RECORDS SHOWN ->
━━━━━━

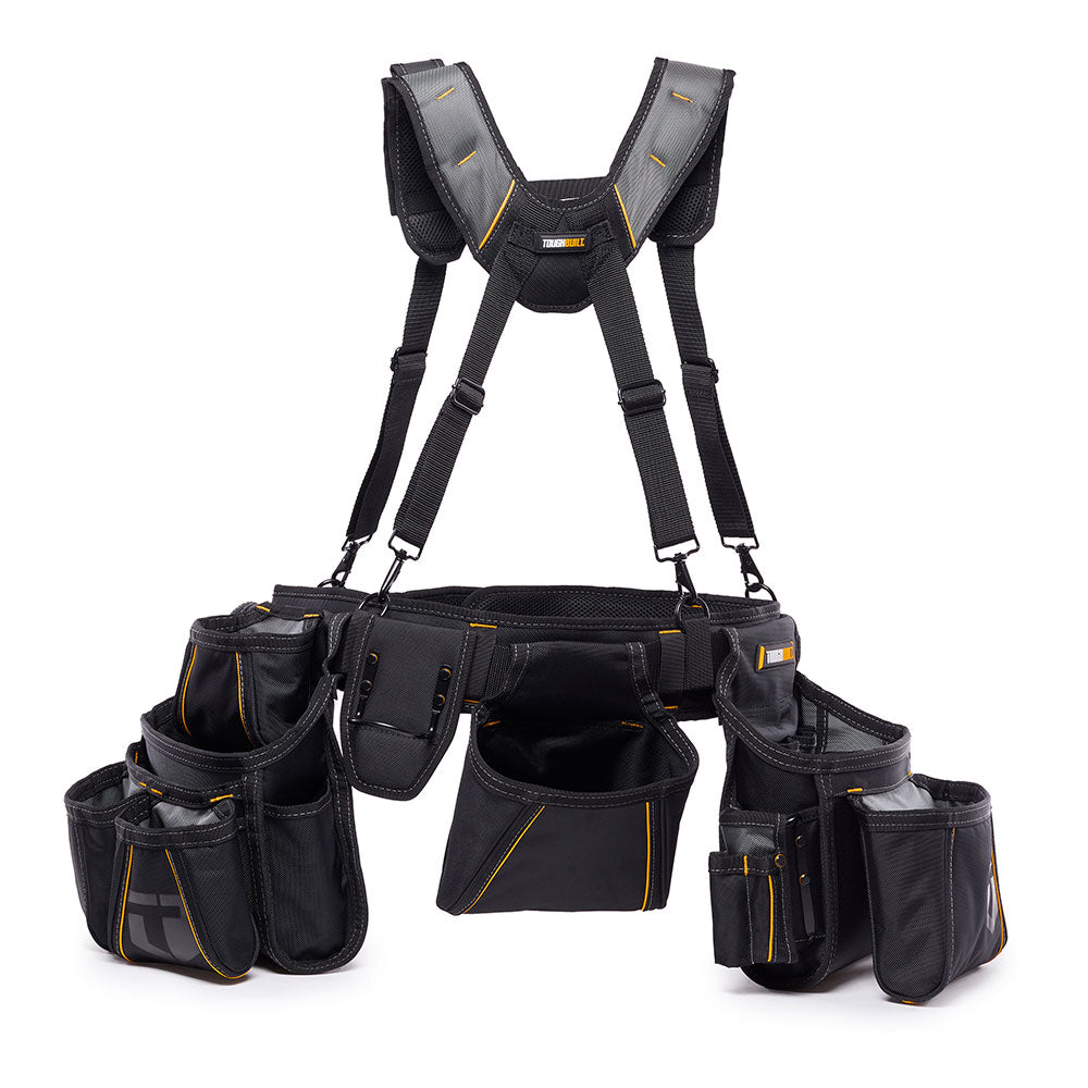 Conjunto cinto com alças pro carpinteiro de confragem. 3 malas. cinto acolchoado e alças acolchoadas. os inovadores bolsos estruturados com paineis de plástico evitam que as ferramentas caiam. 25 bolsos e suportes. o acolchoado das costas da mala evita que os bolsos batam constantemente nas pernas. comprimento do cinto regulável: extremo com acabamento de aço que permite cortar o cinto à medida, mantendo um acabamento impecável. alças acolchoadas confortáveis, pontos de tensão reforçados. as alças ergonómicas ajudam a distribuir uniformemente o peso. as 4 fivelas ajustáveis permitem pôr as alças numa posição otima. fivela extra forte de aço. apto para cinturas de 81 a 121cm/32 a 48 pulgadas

━━━━━━

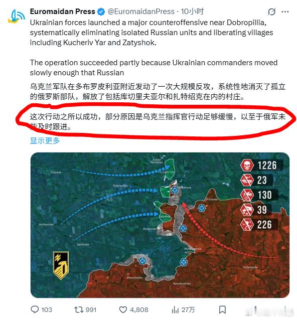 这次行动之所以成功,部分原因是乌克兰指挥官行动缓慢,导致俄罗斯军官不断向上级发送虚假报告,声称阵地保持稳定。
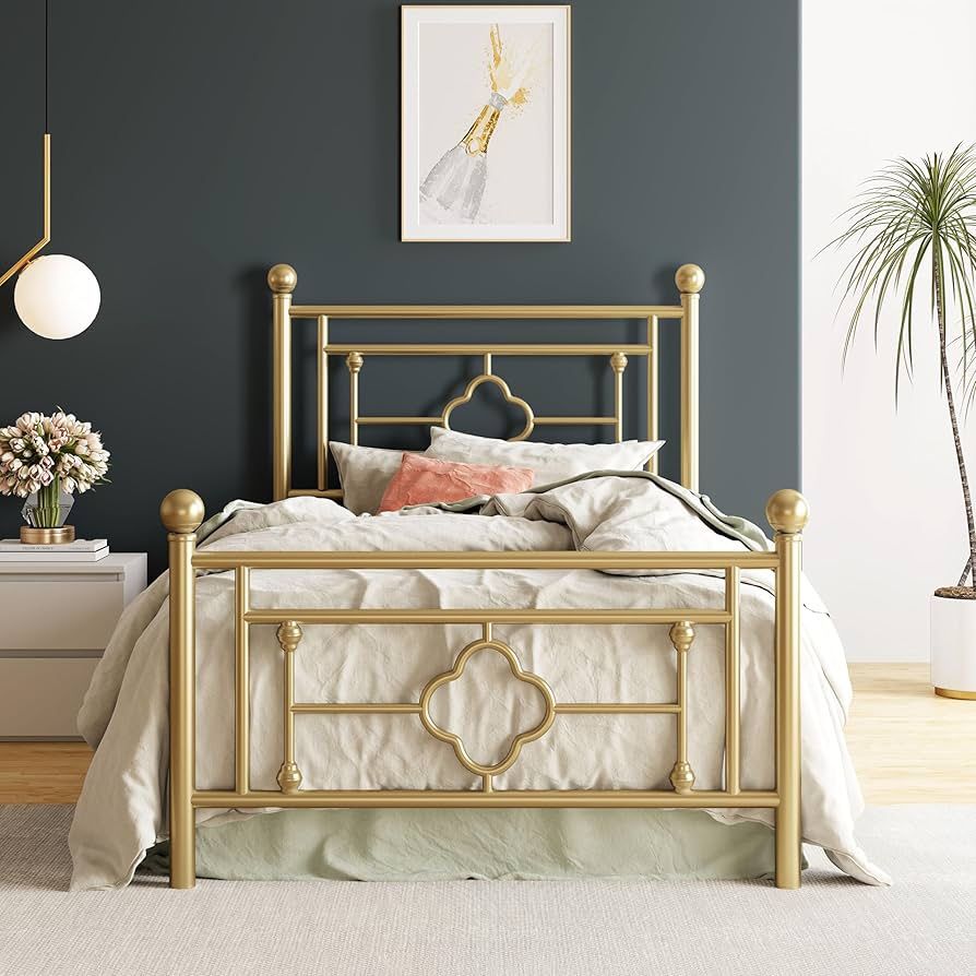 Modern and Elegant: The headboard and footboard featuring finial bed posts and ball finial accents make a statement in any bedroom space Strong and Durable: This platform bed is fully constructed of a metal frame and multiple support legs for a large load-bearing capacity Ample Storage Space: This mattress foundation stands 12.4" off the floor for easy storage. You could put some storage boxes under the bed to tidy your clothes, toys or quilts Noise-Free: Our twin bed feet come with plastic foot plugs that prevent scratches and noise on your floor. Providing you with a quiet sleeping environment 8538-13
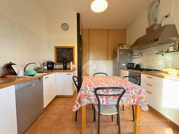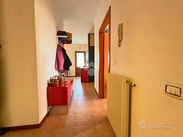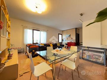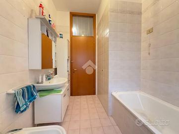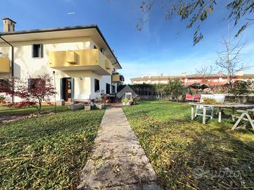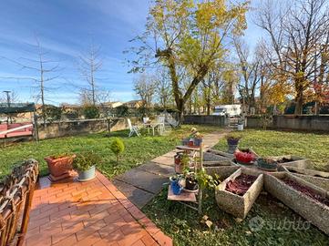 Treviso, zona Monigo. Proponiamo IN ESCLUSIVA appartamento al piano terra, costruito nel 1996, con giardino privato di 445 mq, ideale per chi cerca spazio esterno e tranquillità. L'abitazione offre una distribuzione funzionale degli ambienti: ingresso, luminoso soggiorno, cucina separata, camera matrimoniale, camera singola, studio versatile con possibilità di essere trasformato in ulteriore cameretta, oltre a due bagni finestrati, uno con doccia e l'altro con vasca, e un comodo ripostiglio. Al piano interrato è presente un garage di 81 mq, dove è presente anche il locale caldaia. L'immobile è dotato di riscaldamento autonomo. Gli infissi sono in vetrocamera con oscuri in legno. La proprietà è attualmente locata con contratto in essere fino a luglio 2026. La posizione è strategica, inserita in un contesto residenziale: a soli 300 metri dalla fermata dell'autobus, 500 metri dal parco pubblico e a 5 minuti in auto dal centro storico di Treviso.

━━━━━━

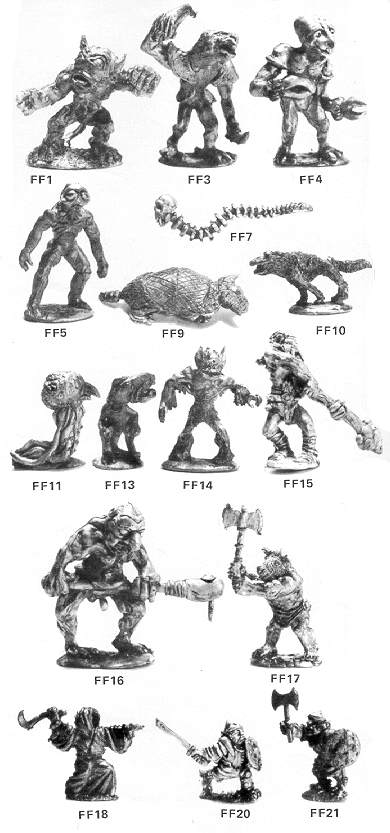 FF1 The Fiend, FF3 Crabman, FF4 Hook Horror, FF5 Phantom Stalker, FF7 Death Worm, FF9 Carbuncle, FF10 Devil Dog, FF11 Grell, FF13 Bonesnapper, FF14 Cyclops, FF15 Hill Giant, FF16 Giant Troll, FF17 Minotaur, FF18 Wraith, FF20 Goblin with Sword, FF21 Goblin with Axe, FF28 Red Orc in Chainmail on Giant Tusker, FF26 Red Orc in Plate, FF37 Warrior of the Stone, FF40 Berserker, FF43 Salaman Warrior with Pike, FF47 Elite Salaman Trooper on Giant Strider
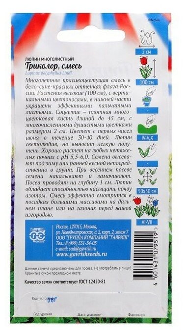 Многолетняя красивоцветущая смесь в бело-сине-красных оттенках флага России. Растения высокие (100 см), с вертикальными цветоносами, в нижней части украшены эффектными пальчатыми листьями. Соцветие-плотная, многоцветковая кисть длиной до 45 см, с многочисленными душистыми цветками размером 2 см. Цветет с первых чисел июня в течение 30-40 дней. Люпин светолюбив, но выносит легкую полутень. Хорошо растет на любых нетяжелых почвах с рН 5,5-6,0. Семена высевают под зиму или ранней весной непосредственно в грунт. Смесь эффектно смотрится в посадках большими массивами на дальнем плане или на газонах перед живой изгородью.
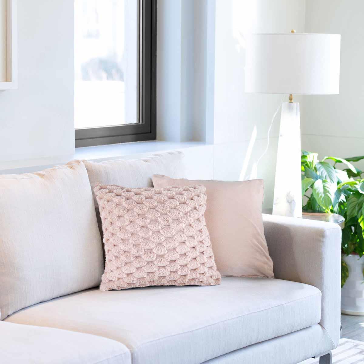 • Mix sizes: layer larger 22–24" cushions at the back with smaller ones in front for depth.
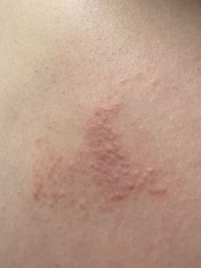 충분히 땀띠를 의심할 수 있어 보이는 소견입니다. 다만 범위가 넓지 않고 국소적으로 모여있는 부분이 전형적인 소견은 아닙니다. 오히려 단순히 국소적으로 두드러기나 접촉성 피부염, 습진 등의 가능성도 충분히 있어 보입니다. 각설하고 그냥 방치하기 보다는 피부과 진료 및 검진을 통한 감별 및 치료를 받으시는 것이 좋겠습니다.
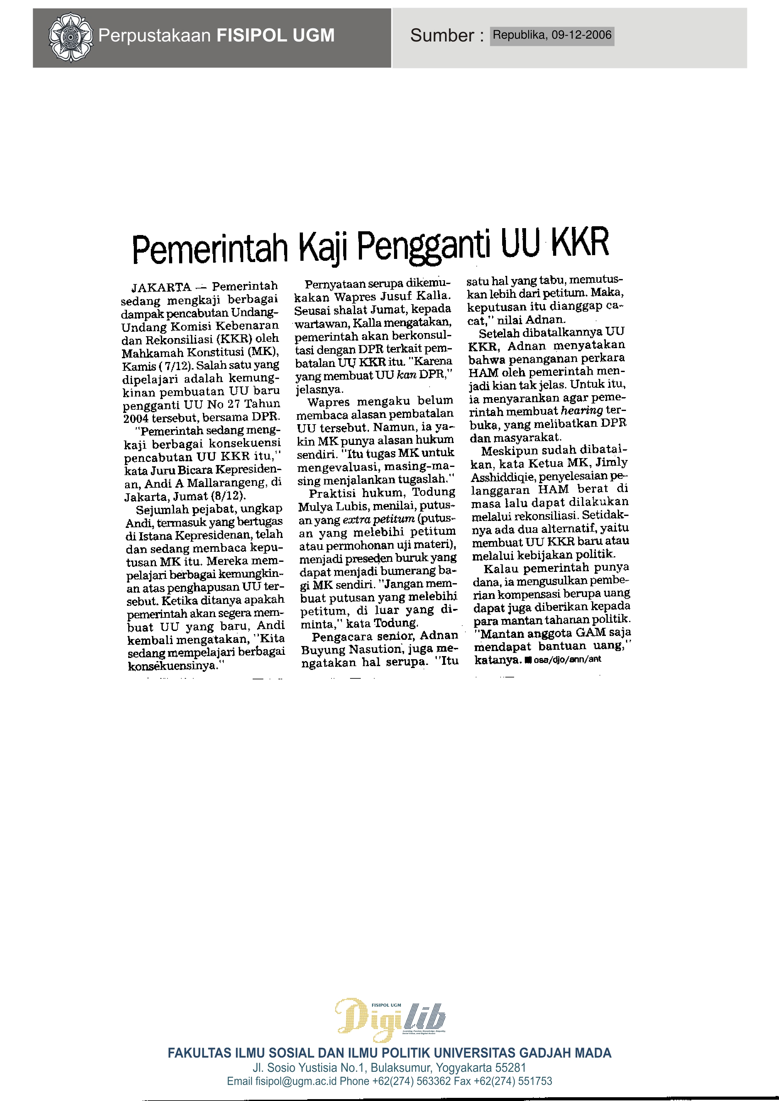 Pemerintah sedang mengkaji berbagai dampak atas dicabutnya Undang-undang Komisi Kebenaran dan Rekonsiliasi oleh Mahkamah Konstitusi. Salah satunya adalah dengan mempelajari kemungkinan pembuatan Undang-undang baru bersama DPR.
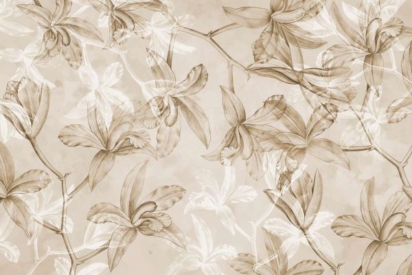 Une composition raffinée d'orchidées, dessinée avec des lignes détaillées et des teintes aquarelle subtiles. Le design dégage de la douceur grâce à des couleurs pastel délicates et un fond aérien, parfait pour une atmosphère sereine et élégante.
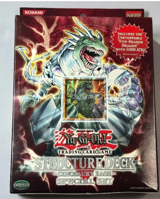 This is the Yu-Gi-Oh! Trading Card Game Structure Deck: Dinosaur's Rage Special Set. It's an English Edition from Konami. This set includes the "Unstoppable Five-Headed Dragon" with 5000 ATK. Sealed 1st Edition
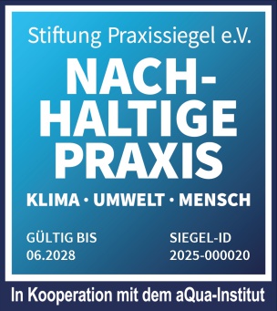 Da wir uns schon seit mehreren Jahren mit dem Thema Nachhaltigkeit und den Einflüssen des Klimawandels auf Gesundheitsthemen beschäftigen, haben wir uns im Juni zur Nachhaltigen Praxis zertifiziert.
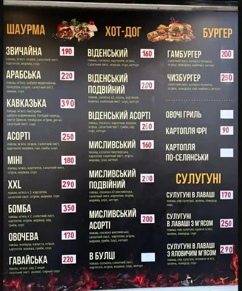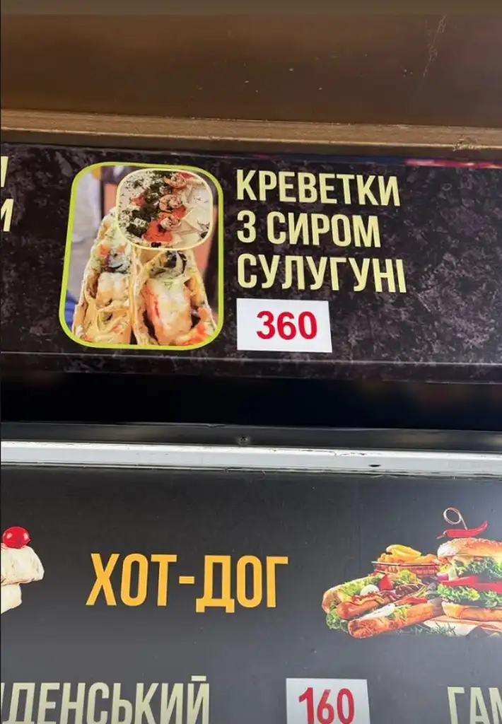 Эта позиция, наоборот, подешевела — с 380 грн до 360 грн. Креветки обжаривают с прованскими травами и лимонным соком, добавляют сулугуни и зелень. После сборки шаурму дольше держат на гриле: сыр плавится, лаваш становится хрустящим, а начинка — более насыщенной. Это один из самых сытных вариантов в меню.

━━━━━━

TASK DESCRIPTION -> Your copy should hold the lines from the one with "这次行动之所以成功,部分原因" up to and including the one with "Treviso, zona Monigo.", exactly as in the data above, and no pictures.

FINAL ANSWER ->
 这次行动之所以成功,部分原因是乌克兰指挥官行动缓慢,导致俄罗斯军官不断向上级发送虚假报告,声称阵地保持稳定。
 Modern and Elegant: The headboard and footboard featuring finial bed posts and ball finial accents make a statement in any bedroom space Strong and Durable: This platform bed is fully constructed of a metal frame and multiple support legs for a large load-bearing capacity Ample Storage Space: This mattress foundation stands 12.4" off the floor for easy storage. You could put some storage boxes under the bed to tidy your clothes, toys or quilts Noise-Free: Our twin bed feet come with plastic foot plugs that prevent scratches and noise on your floor. Providing you with a quiet sleeping environment 8538-13
 Treviso, zona Monigo. Proponiamo IN ESCLUSIVA appartamento al piano terra, costruito nel 1996, con giardino privato di 445 mq, ideale per chi cerca spazio esterno e tranquillità. L'abitazione offre una distribuzione funzionale degli ambienti: ingresso, luminoso soggiorno, cucina separata, camera matrimoniale, camera singola, studio versatile con possibilità di essere trasformato in ulteriore cameretta, oltre a due bagni finestrati, uno con doccia e l'altro con vasca, e un comodo ripostiglio. Al piano interrato è presente un garage di 81 mq, dove è presente anche il locale caldaia. L'immobile è dotato di riscaldamento autonomo. Gli infissi sono in vetrocamera con oscuri in legno. La proprietà è attualmente locata con contratto in essere fino a luglio 2026. La posizione è strategica, inserita in un contesto residenziale: a soli 300 metri dalla fermata dell'autobus, 500 metri dal parco pubblico e a 5 minuti in auto dal centro storico di Treviso.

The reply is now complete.